Work required — Lines from the one containing "Silikónová skladacia hračka" through the final line of the data, restated word for word and free of pictures, make up the whole answer.

#### The data

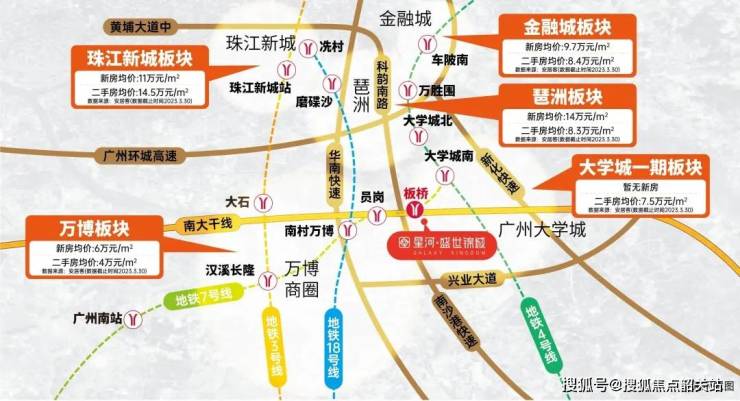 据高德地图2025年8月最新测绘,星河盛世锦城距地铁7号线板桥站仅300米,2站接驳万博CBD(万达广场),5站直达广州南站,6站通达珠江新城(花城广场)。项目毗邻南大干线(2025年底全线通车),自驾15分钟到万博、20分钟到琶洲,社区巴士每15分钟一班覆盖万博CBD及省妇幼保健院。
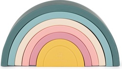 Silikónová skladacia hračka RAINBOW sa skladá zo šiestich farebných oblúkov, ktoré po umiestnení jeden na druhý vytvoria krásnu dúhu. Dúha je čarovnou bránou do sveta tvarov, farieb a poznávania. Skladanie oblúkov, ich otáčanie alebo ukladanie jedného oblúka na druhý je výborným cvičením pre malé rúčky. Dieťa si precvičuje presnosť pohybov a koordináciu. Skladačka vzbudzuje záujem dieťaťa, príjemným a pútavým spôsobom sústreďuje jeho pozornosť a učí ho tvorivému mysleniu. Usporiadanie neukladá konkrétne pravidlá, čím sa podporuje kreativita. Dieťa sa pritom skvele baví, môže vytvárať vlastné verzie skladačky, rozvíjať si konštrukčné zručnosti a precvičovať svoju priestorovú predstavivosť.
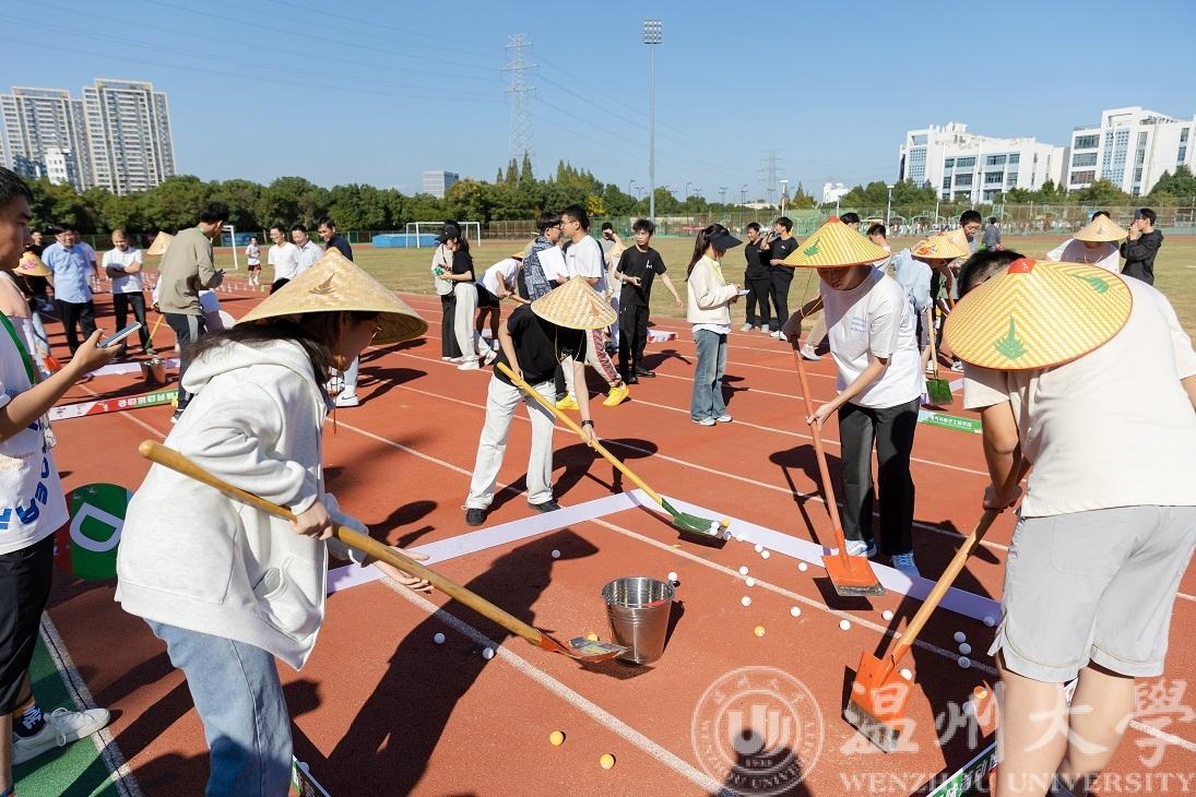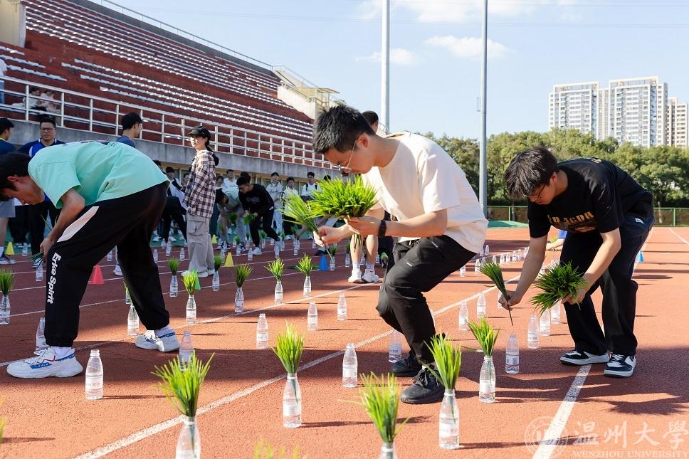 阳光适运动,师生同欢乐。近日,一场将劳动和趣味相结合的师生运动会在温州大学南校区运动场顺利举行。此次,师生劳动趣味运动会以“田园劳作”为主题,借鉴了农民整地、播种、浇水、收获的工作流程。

########

Response to this task —
 Silikónová skladacia hračka RAINBOW sa skladá zo šiestich farebných oblúkov, ktoré po umiestnení jeden na druhý vytvoria krásnu dúhu. Dúha je čarovnou bránou do sveta tvarov, farieb a poznávania. Skladanie oblúkov, ich otáčanie alebo ukladanie jedného oblúka na druhý je výborným cvičením pre malé rúčky. Dieťa si precvičuje presnosť pohybov a koordináciu. Skladačka vzbudzuje záujem dieťaťa, príjemným a pútavým spôsobom sústreďuje jeho pozornosť a učí ho tvorivému mysleniu. Usporiadanie neukladá konkrétne pravidlá, čím sa podporuje kreativita. Dieťa sa pritom skvele baví, môže vytvárať vlastné verzie skladačky, rozvíjať si konštrukčné zručnosti a precvičovať svoju priestorovú predstavivosť.
 阳光适运动,师生同欢乐。近日,一场将劳动和趣味相结合的师生运动会在温州大学南校区运动场顺利举行。此次,师生劳动趣味运动会以“田园劳作”为主题,借鉴了农民整地、播种、浇水、收获的工作流程。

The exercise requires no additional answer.